Gaëtan Joliat : « Je commence à réaliser et je suis surmotivé ! »
Grâce à son bon Grand Prix à Falsterbo (11e), mais aussi à sa régularité (0+4 à Rotterdam et à Abou Dabi), Gaëtan Joliat a décroché son ticket pour les Mondiaux d’Aix-la-Chapelle avec Chelsea Z. Le Jurassien de 20 ans, pilote de la famille de Coulon à St-Blaise, se confie sur son week-end suédois, ses choix de chevaux et de championnats, le chemin qui l’a mené aux Mondiaux et sa préparation en vue de ceux-ci.
Gaëtan, revenons d’abord sur votre Coupe des Nations, remportée par l’équipe de Suisse et dans laquelle vous avez d’abord signé un sans-faute avant de connaître l’élimination sur le triple avec Just Special VK.
Avoir pu aider l’équipe en première manche me réconforte. Just a tout donné au premier tour, m’aidant un peu dans quelques situations, et elle était encore meilleure en deuxième manche, c’était un rêve à monter. Après mon expérience de La Baule, je n’ai pas voulu lui mettre trop de pression pour le triple, qu’elle avait touché en première manche. Je suis entré trop calme dans la combinaison et c’est venu vraiment trop long entre le a et le b.
Place ensuite au Rolex Grand Prix avec Chelsea Z dans lequel vous prenez la 11e place après un sans-faute à l’initial et un Tour des vainqueurs crédité d’une faute.
Sans me mettre la pression, j’étais tout de même conscient des enjeux en montant le Grand Prix : avec la malchance des autres (la malchance d’Alain Jufer avec Dante MM, la méforme de Barbara Schnieper ou encore les repos forcés de Mila ou d’Orelie, ndlr), j’avais une énorme chance d’avoir ma place aux Mondiaux si je faisais un bon tour. Nous avons montré que nous étions prêts.
La décision entre les Européens de la relève, pour lesquels vous auriez eu une vraie chance de médaille en individuel et par équipe, et les Mondiaux a-t-elle été difficile ?
Oui. Toutefois, il était clair que vu les opportunités que nous avions eues cette année, notamment de pouvoir monter à Fontainebleau et à Aix-la-Chapelle, il n’était pas question de lâcher notre chef d’équipe à la dernière minute.
Avant la deuxième manche de Falsterbo, hésitiez-vous encore entre Just Special VK et Chelsea Z ?
Just m’a permis de faire mon chemin sans pression avec Chelsea. Dès le début, je me suis entendu à merveille avec elle et c’est vrai que c’est elle qui a fait la plupart des gros événements avec moi. Elle a un cœur exceptionnel, mais elle n’a pas le même coffre que Chelsea. Donc la question ne se pose pas.
Vous imaginiez-vous à ce stade il y a deux ans, lorsque vous sautiez vos premiers 5* ?

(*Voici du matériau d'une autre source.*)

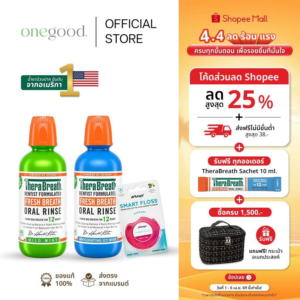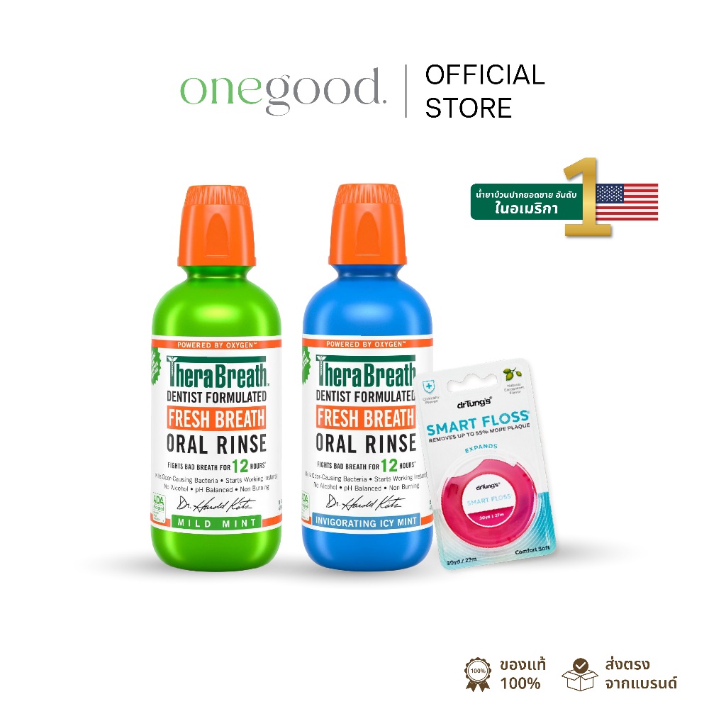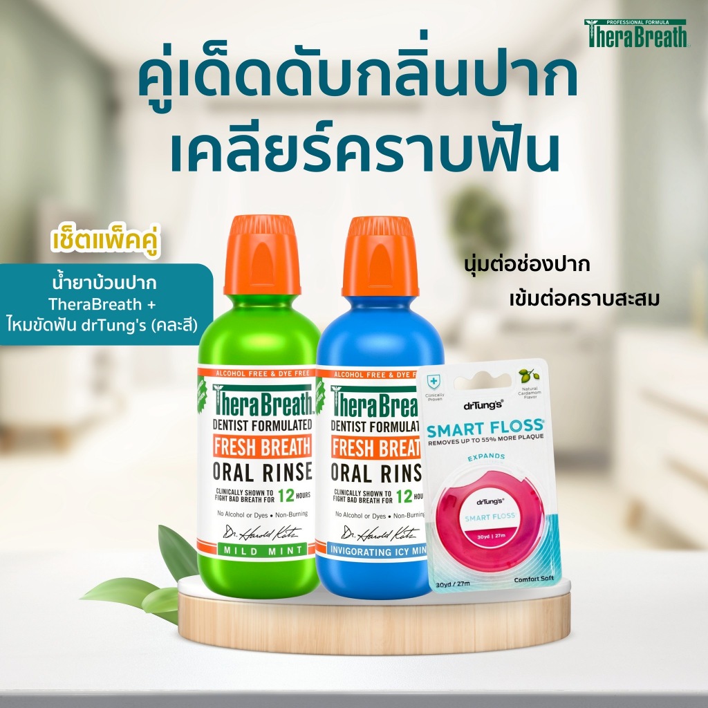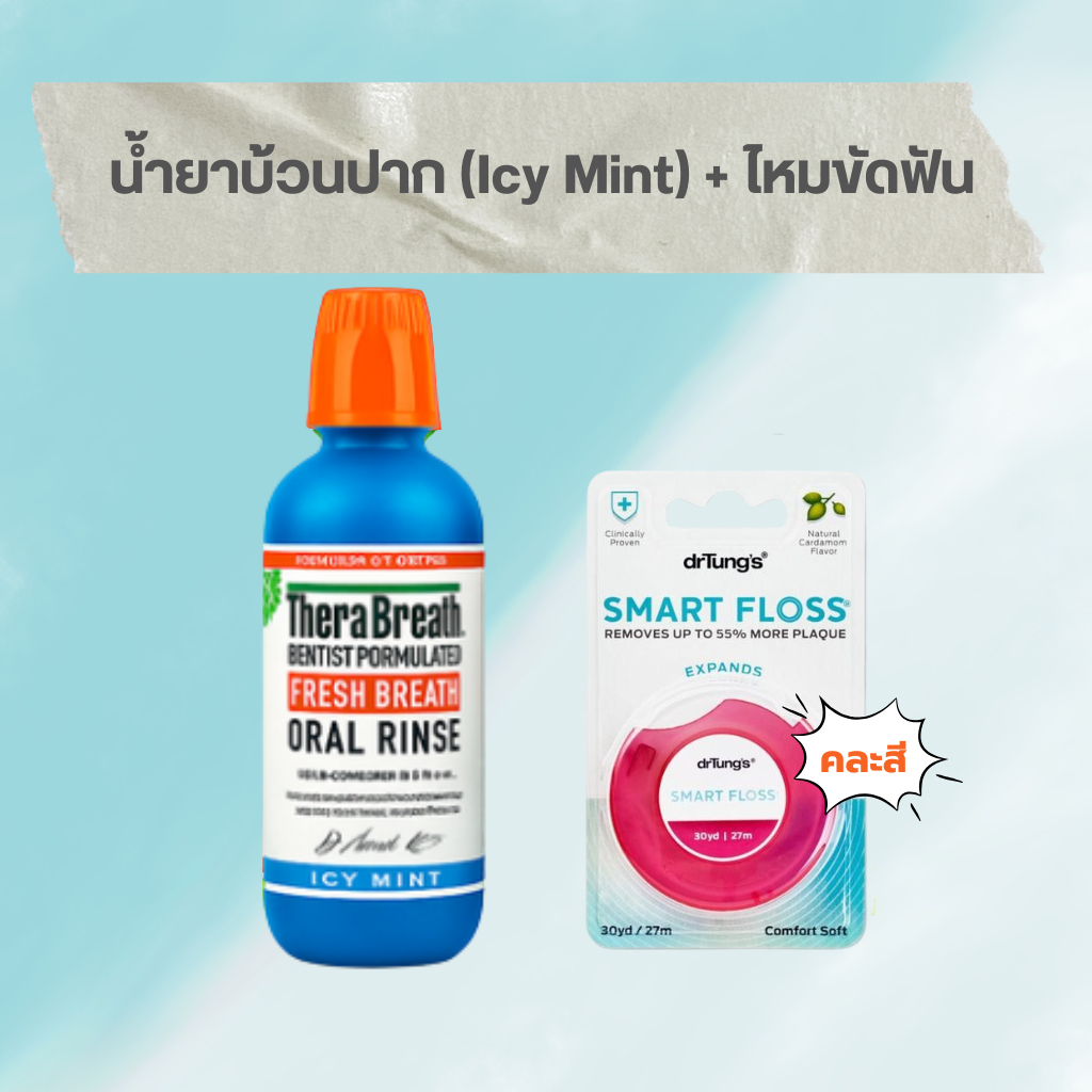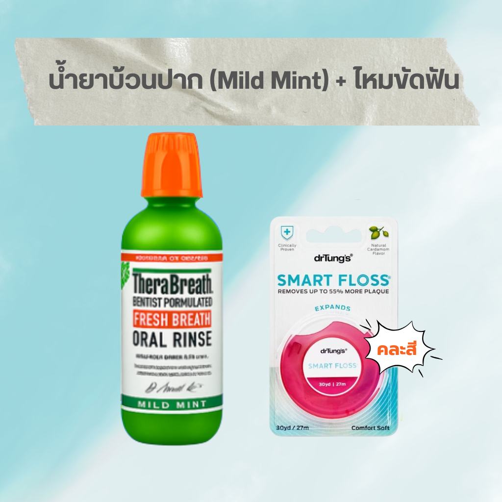 [ แพ็คคู่ดูแลปาก ] น้ำยาบ้วนปาก TheraBreath + ไหมขัดฟัน Smart Floss (คละสี) | จบปัญหากลิ่นปาก
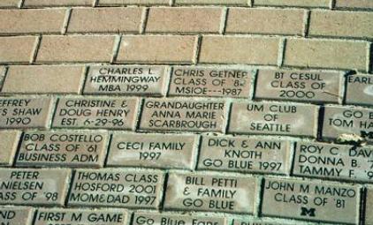 It was so warm that the day after Thanksgiving we went to Michigan Stadium and looked around. This is the brick that Grandma Olga bought for me at the new northwest entrance to the stadium.
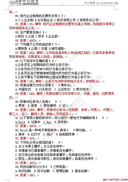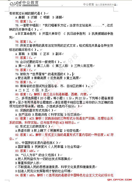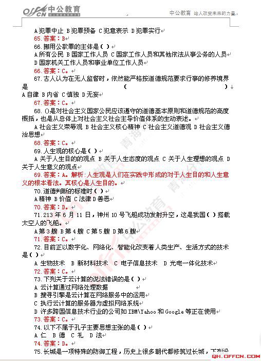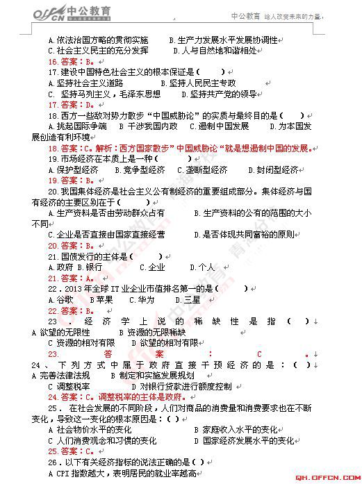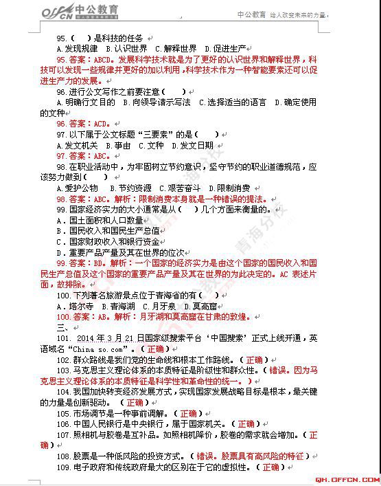 2014青海事业单位公共科目(公共基础知识真题及解析)
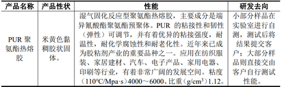 主體工程及制品方案:項目主要針對 PUR 聚氨酯熱熔膠
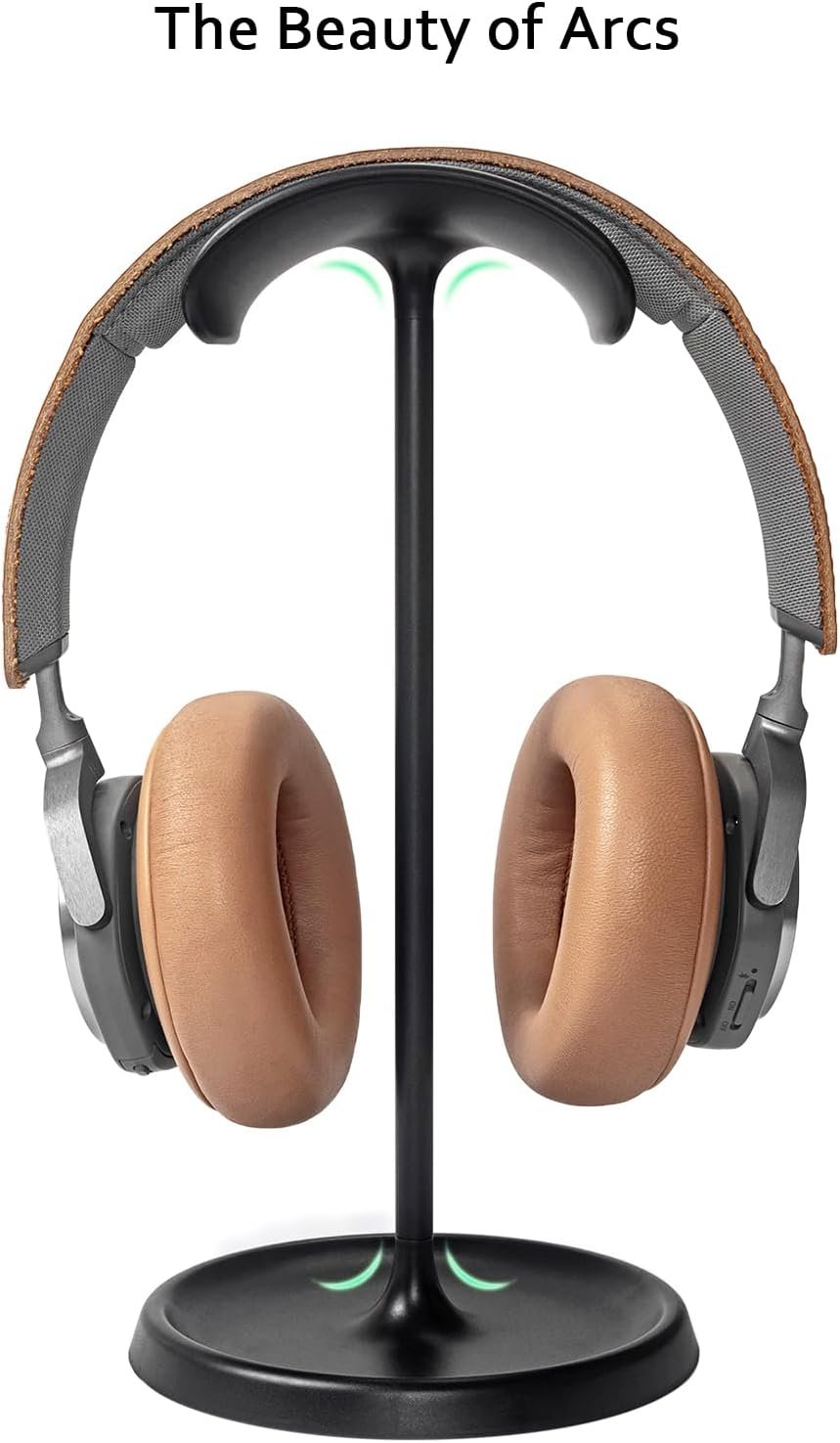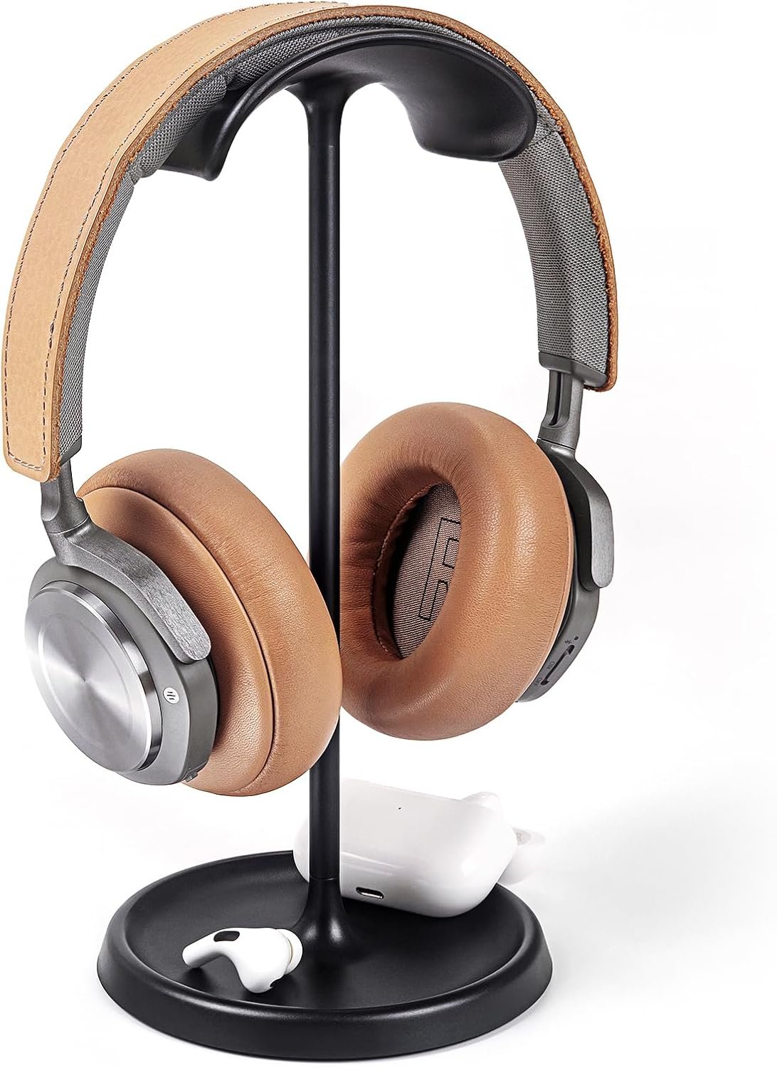 QinCoon Headphone Stand, Curved Headset Stand with Storage Tray, Heavy Base Gaming Headset Holder for AirPods Max, AirPods, AirPods Pro, Beats, Bose, Sony and More (Black)
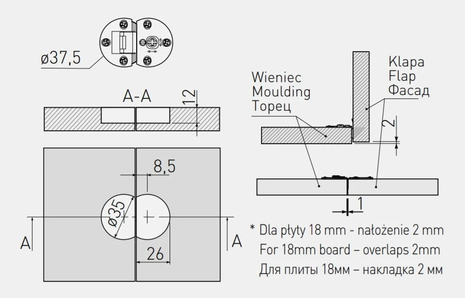 Zawias meblowy barkowy do podnośnika VIM - niklowany
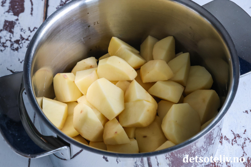 Skrell potetene og del dem opp i litt mindre biter. Ha dem i en mellomstor kjele.

Non. On a fait notre bout de chemin, sans brûler les étapes. L’an dernier, on m’a souvent dit en rigolant que l’équipe aurait besoin de moi en 2026 mais je ne l’imaginais pas. Ce que je trouve encore plus satisfaisant, c’est qu’on a fait notre bout de chemin sans brûler les étapes. Je commence à réaliser avec la quantité de messages et d’appels que je reçois depuis hier (rires).
Comment allez-vous vous préparer ? Quel sera le programme pour Chelsea Z ?
On va le laisser souffler puis axer le travail sur le physique. Puis, on va se préparer sur des petits tours sur l'herbe de Valkenswaard, si on peut y entrer, ou au National du Chalet-à-Gobet, probablement sur 140-145 cm. La hauteur n’est pas un souci pour lui, il n’a rien à prouver de ce côté-là. Le but est avant tout d’arriver à Aix-la-Chapelle avec un cheval qui a envie et qui est le plus prêt possible physiquement et mentalement »
Et vous, comment abordez-vous ces Mondiaux ?
Je me réjouis énormément car nous avons une super équipe, tant en piste qu’en dehors. L’ambiance est excellente et je m’entends très bien avec tout le monde. Je suis surmotivé car je crois qu’on a une chance énorme ! Je ne pars pas en me disant « on verra », je suis à 100% concentré sur l’équipe. L’individuel ne sera que du bonus.